_Provided information:_
━━━━━━━━

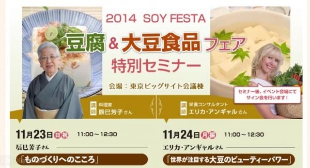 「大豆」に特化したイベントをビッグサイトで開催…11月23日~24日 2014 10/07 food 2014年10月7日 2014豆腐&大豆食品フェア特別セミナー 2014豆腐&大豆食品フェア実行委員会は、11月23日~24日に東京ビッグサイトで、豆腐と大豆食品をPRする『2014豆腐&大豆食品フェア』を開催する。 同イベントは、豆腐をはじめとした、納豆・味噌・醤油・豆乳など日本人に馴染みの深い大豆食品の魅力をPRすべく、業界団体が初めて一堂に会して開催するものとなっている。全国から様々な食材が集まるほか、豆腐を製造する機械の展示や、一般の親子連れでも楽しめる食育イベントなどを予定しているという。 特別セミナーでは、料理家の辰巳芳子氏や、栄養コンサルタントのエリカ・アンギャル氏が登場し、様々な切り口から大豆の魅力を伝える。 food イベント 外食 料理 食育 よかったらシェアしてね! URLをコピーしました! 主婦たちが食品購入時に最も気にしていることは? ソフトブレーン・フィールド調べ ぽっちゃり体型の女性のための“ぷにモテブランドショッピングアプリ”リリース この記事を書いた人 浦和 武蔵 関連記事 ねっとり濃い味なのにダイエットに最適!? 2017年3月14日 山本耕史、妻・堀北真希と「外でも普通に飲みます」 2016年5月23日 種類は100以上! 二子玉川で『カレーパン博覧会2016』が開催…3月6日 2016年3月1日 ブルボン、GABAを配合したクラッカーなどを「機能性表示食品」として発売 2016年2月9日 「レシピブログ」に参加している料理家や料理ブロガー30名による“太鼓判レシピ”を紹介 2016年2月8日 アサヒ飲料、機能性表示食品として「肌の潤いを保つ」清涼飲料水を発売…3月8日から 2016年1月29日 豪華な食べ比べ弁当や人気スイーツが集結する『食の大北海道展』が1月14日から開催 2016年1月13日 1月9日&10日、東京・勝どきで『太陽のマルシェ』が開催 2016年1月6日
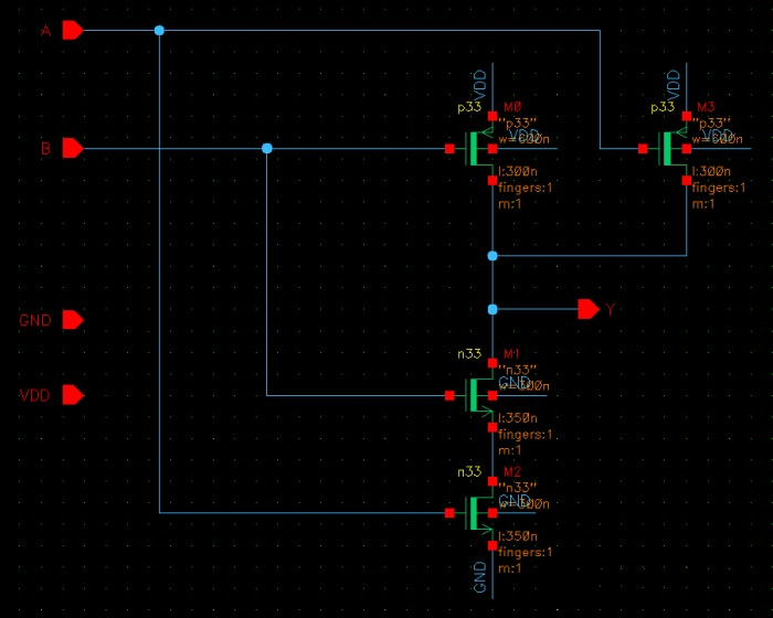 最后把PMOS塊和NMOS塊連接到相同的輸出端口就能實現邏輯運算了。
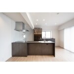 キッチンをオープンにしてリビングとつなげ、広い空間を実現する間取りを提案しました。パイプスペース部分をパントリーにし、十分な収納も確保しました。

━━━━━━━━

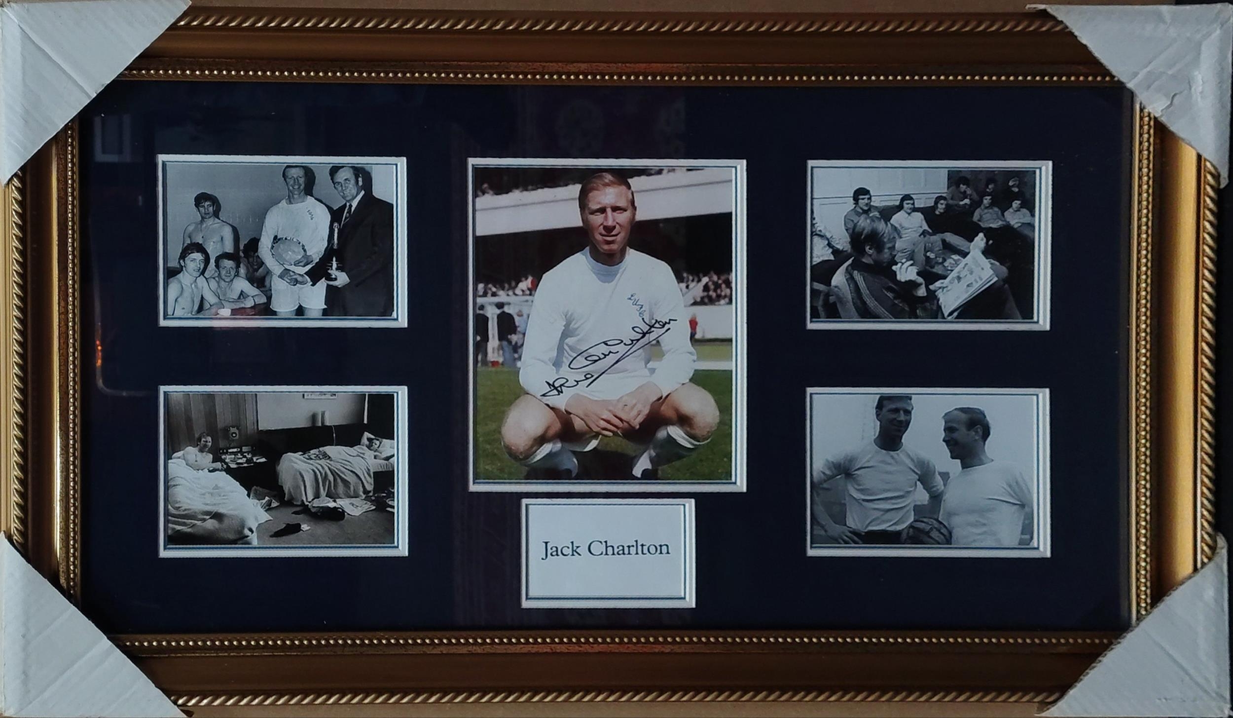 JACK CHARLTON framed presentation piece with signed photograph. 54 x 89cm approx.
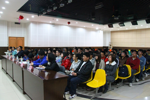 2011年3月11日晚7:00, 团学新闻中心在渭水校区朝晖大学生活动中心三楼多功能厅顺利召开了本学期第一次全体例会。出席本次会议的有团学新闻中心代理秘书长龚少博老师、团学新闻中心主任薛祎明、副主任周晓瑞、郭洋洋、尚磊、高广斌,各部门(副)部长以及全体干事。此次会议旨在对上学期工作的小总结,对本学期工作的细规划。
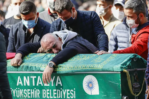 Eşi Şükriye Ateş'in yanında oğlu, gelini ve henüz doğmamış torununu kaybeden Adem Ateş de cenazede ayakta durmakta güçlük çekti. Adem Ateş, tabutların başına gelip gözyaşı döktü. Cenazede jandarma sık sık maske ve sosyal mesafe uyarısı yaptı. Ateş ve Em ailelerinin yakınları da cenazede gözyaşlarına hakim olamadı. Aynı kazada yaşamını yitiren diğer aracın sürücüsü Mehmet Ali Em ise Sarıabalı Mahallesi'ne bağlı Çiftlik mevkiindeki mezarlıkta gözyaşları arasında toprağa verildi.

━━━━━━━━

_What to produce:_
Using the listing above, restate exactly the range between the lines holding "2016年1月13日 1月9日&10日、東京・勝どきで『太陽のマルシェ』が開催 2016年1月6日" and "キッチンをオープンにしてリビ", inclusive, with pictures left out.

_Written answer:_
 「大豆」に特化したイベントをビッグサイトで開催…11月23日~24日 2014 10/07 food 2014年10月7日 2014豆腐&大豆食品フェア特別セミナー 2014豆腐&大豆食品フェア実行委員会は、11月23日~24日に東京ビッグサイトで、豆腐と大豆食品をPRする『2014豆腐&大豆食品フェア』を開催する。 同イベントは、豆腐をはじめとした、納豆・味噌・醤油・豆乳など日本人に馴染みの深い大豆食品の魅力をPRすべく、業界団体が初めて一堂に会して開催するものとなっている。全国から様々な食材が集まるほか、豆腐を製造する機械の展示や、一般の親子連れでも楽しめる食育イベントなどを予定しているという。 特別セミナーでは、料理家の辰巳芳子氏や、栄養コンサルタントのエリカ・アンギャル氏が登場し、様々な切り口から大豆の魅力を伝える。 food イベント 外食 料理 食育 よかったらシェアしてね! URLをコピーしました! 主婦たちが食品購入時に最も気にしていることは? ソフトブレーン・フィールド調べ ぽっちゃり体型の女性のための“ぷにモテブランドショッピングアプリ”リリース この記事を書いた人 浦和 武蔵 関連記事 ねっとり濃い味なのにダイエットに最適!? 2017年3月14日 山本耕史、妻・堀北真希と「外でも普通に飲みます」 2016年5月23日 種類は100以上! 二子玉川で『カレーパン博覧会2016』が開催…3月6日 2016年3月1日 ブルボン、GABAを配合したクラッカーなどを「機能性表示食品」として発売 2016年2月9日 「レシピブログ」に参加している料理家や料理ブロガー30名による“太鼓判レシピ”を紹介 2016年2月8日 アサヒ飲料、機能性表示食品として「肌の潤いを保つ」清涼飲料水を発売…3月8日から 2016年1月29日 豪華な食べ比べ弁当や人気スイーツが集結する『食の大北海道展』が1月14日から開催 2016年1月13日 1月9日&10日、東京・勝どきで『太陽のマルシェ』が開催 2016年1月6日
 最后把PMOS塊和NMOS塊連接到相同的輸出端口就能實現邏輯運算了。
 キッチンをオープンにしてリビングとつなげ、広い空間を実現する間取りを提案しました。パイプスペース部分をパントリーにし、十分な収納も確保しました。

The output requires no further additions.